Raw green peas at the bottom of a teacup set to one side of the scarred linoleum counter. A fat red candle slumped in on itself guttering in a pool of melted wax, a couple of blue-tipped matches scattered before it. A blackened matchstick smoking in a shot glass blazoned with a Tlingit eagle. An old key blurred by rust, a splintery chopstick, a damp bus transfer in a plastic pot that says Oxygen Bleach Cleanser. A threadbare little rabbit on a leash of string nibbles at a page ripped from a pornographic magazine. More pages spread across the linoleum, lozenges of skin like brushed suede, like toasted caramel, like slick beige plastic. Gauze like drying sea-foam, lace like rotten ice, black vinyl shining tight. “Salt,” says the woman sitting at the counter. The rabbit-string tied about her wrist. She flicks her head from side to side and wrinkles her nose. “Dried sweat.” Hunched inside a sweater the color of flour, a floppy black hat pulled low over her yellow hair. Under the brim her eyes squint milkily.

“Okay,” says the man sitting on the stool across from her. His coat is long and camel-colored. A derby reddish brown in one gloved hand, his other on a soft brown briefcase flat on the counter, buckles undone. A wooden cane leans against the counter, its handle a stern, rough-hewn hawk.

“Sea air,” she says, “and bleach, and. Jelly?” That head-flick again, annoyed. “Old socks. Corn chips.”

“Suggestive,” he says. “First question, then?” She nods once, sharply. “How old are they?”

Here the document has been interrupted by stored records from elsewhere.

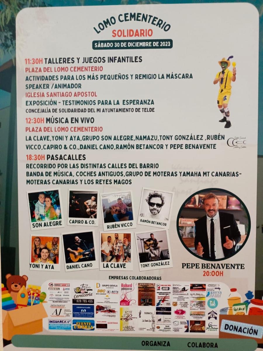 Lomo Cementerio acogerá el próximo 30 de diciembre una acto solidario para recaudar alimentos y juguetes durante las épocas navideñas, una iniciativa organizada por el patronato de fiestas Atacayte con la colaboración del Ayuntamiento de Telde. El evento arrancará a las 11.30 horas y habrá exhibiciones, música, juegos, talleres y actividades infantiles, además de pasacalles y conciertos durante toda la jornada.
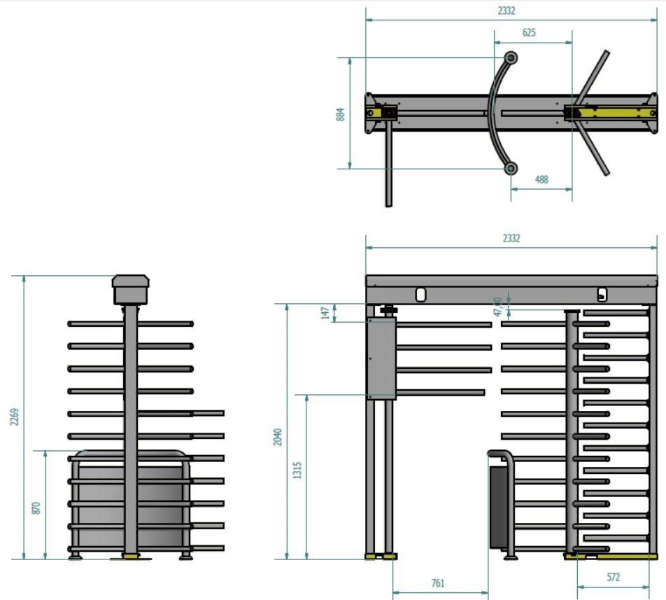 | T 2500DPT- IP | Plnorozměrný turniket s motorovou brankou pro průchod kola , nerezové provedení + lak | 437 510 Kč |
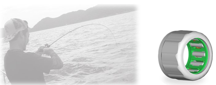 應(yīng)用在釣具漁輪中魚線回收止逆機構(gòu)的小型單向軸承,采用樹脂材料保持架,軸承外圈使用沖壓加工方式減少外圈厚度,實現(xiàn)減輕軸承重量,進而實現(xiàn)漁輪的輕量化。
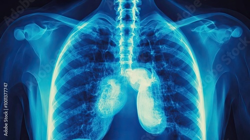 Human chest X-ray with a focus on internal organs, highlighting diagnostic areas for treatment, demonstrating the capabilities of modern medical imaging
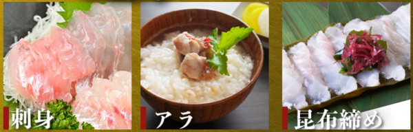 内容量 :甘鯛刺身(80g×2P)、甘鯛頭アラ(1P)、甘鯛昆布締め(80g×1P)、
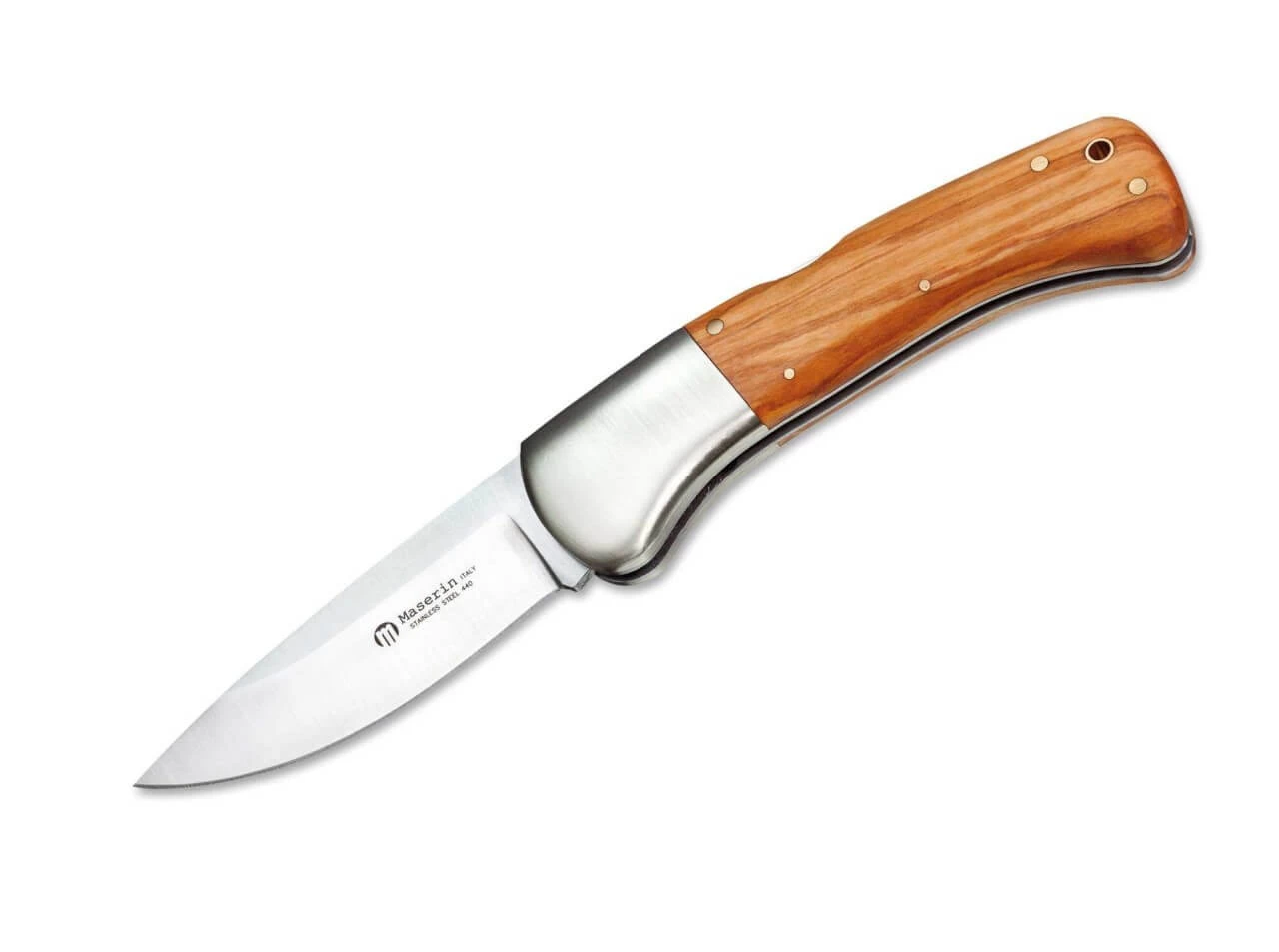 Dieses ausgewachsene Jagd- und Outdoortaschenmesser ist auch für den derberen Einsatz geeignet und bietet mit seinen Neusilberbacken, den sanft gerundeten Olivenholzschalen und der satinierten Klinge aus 440 Eleganz und Nutzwert. Backlock-Verriegelung.
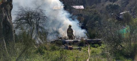 Bomberos Campanario y Ruca Cura, a los que se sumó el SPLIF, trabajan en una quema que se descontroló en el sector, generando angustia y preocupación en vecinos de las casas lindantes.
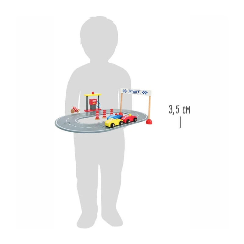 Pour les petits à partir de 36 mois, éveil physique et imagination avec cet amusant Circuit Course automobile avec kit petites voitures Small foot by Legler® Un circuit en bois et tous les accessoires pour assurer la course: pompe à essence, balises et banderole d’arrivée et trois petites voitures en bois. Les trois voitures sont adaptés aux petites mains pour assurer le développement de la motricité fine.
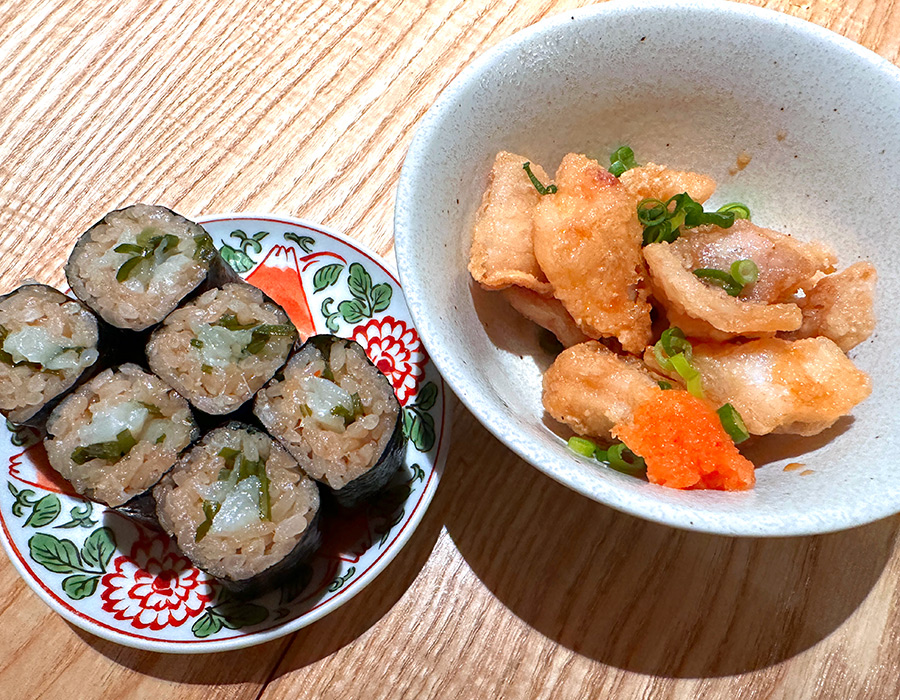 アテ巻きのえんがわワサビ巻きと水だこの唐揚げ。
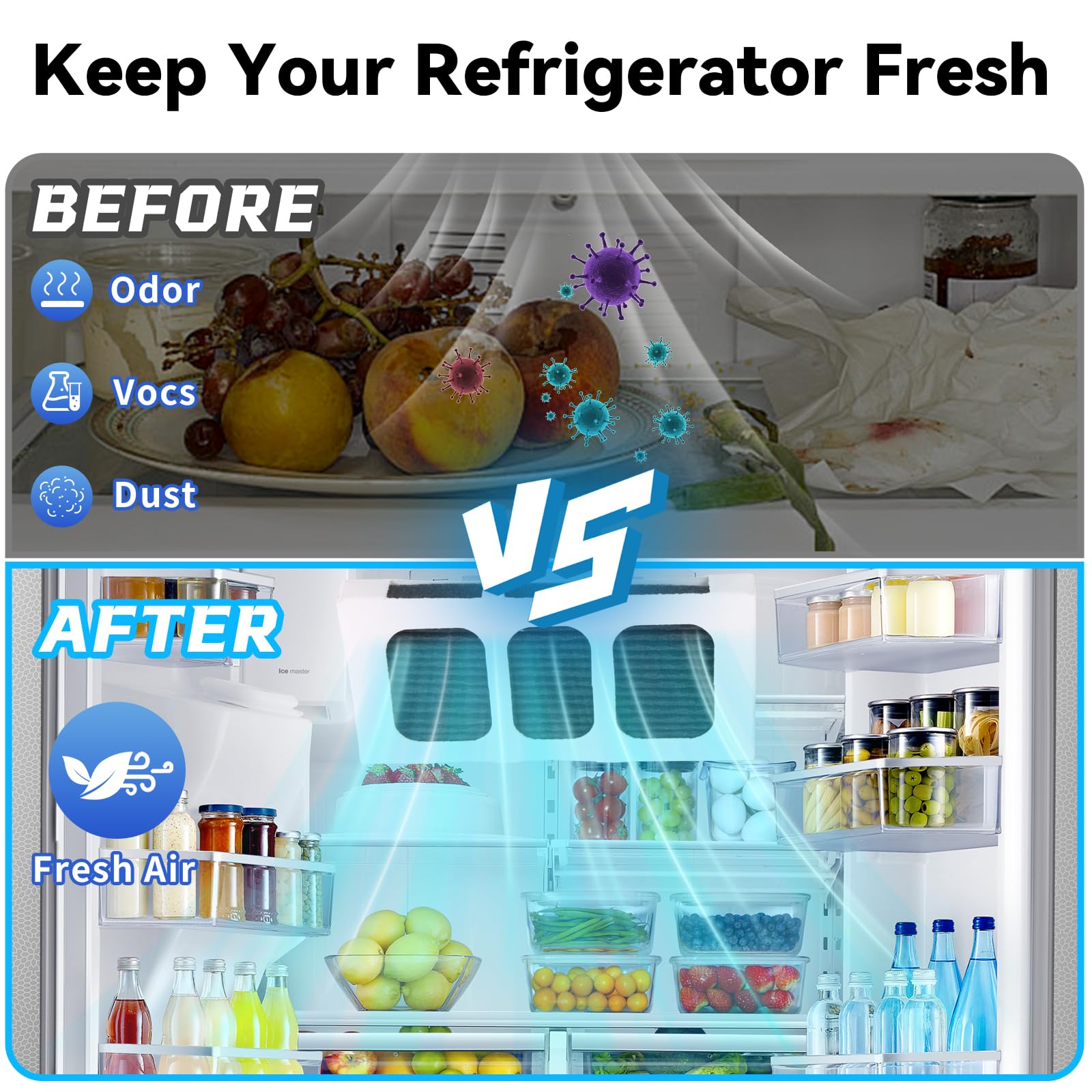- Powerful Odor Elimination: Each Guarm air filter uses high-grade coconut shell activated carbon to effectively absorb odors from spoiled food, seafood, milk and more, keeping your fridge fresher, longer
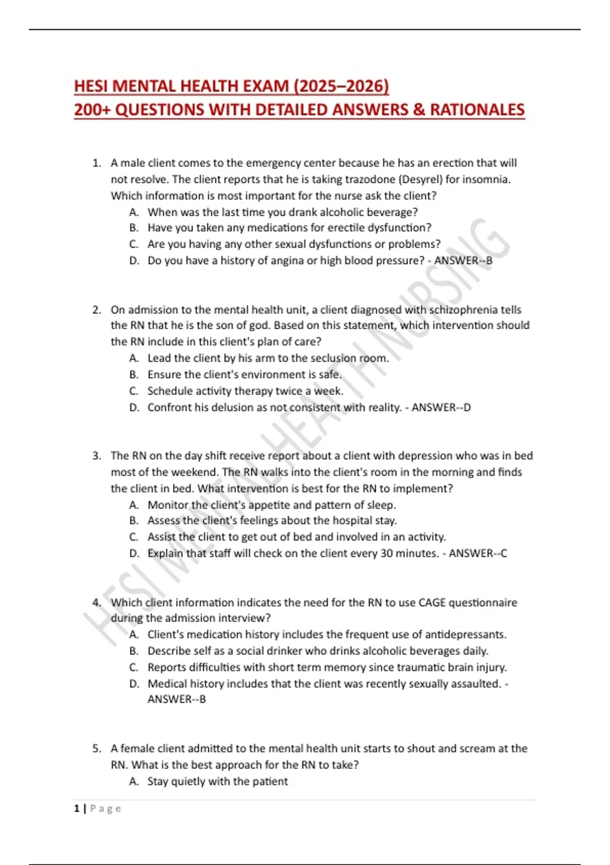HESI MENTAL HEALTH EXAM (2025–2026) 200+ QUESTIONS WITH DETAILED ANSWERS & RATIONALES
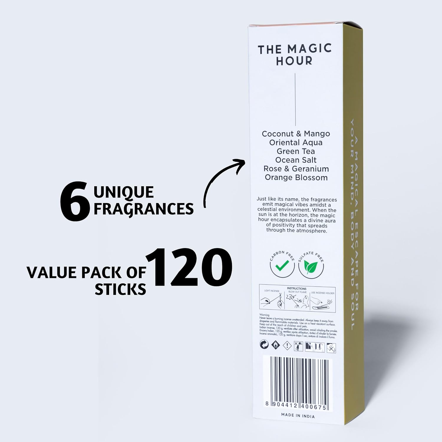 - Fragrance Notes โ This incense pack combines uplifting citrus notes with breezy oceanic undertones with fragrances like coconut incense, mango incense, oriental aqua, ocean salt, green tea incense, rose inscents, geranium incense & orange incense. Suitable for meditation rooms, bedrooms, living areas, and even office spaces.
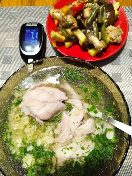 Сварила курицу,захотелось куриного бульона. Вспомнила, что куча калорий сегодня недоедена, добавила в бульон варёный булгур, петрушку, курицу. Ну и овощей уже для правильности. Получился полноценный ужин)
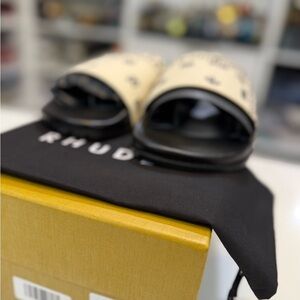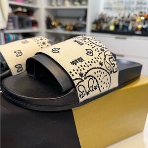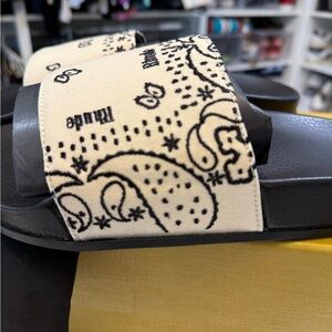 Comfortable and stylish kids slide sandals in black and cream. Perfect for everyday wear.
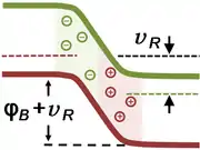 In reverse bias the occupancy level for holes again tends to stay at the level of the bulk p-type semiconductor while the occupancy level for electrons follows that for the bulk n-type. In this case, the p-type bulk band edges are raised relative to the n-type bulk by the reverse bias vR, so the two bulk occupancy levels are separated again by an energy determined by the applied voltage. As shown in the diagram, this behavior means the step in band edges is increased to φB+vR, and the depletion region widens as holes are pulled away from it on the p-side and electrons on the n-side.
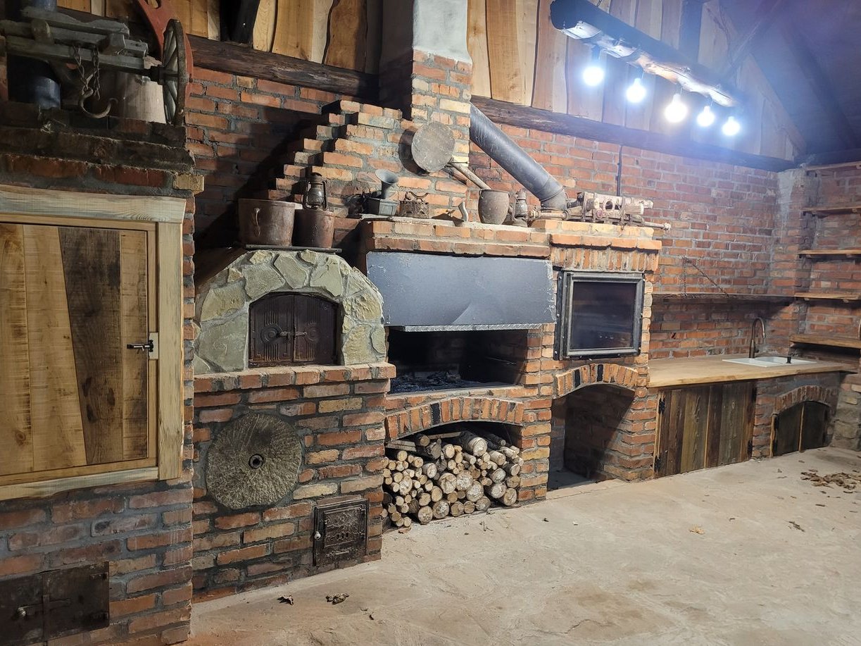 Ściany posadzki kamienne gril palenisko wędzarnia oraz piec chlebowy lub do pizzy z cegly

She shrugs, hat-brim dipping to meet her shoulder. “Old and old, Leo. Twenty-two days? Twenty-three?” On the wall behind her a number of paintings, one of spaceships on black velvet rigged with blinking lights, one with a shimmering tumble of light suggesting a waterfall behind translucent plastic. The tinny whine of its little motor in the silence. He sets the derby on the counter next to the briefcase. “Not old at all for a magazine,” he says then, “not especially.” Tugging his gloves off a finger at a time. “But old and old indeed for a bit of byblow.”

“I didn’t say it was byblow,” she says, tugging the rabbit’s string.

“Didn’t ask,” he says, stirring the pages about. “Three weeks ago the Princess and her guardian were attacked on a MAX train that came to a stop about a chain away from where this bag was finally found.”

“Finally?” says the woman, rubbing the rabbit’s nose.

“I didn’t hear the details at first, didn’t bug me for a while, I’ve been busy. Duke stuff. So Northeast went for somebody. So Northeast got distracted and didn’t go hard. Happens all the time. Right?” He tugs one of the pages from the spread. “Only Northeast has plenty and plenty of monsters. Northeast doesn’t need to make ugly hollow men from dried jizz and bad dreams.” On the page in his hand a woman lying back tight orange jacket unzipped short skirt flipped over her belly dark stockings gartered halfway up her long long thighs striped underwear stretched taut between spread knees. “This is wizard-stuff. Witch-stuff. Red-blooded fool-stuff.”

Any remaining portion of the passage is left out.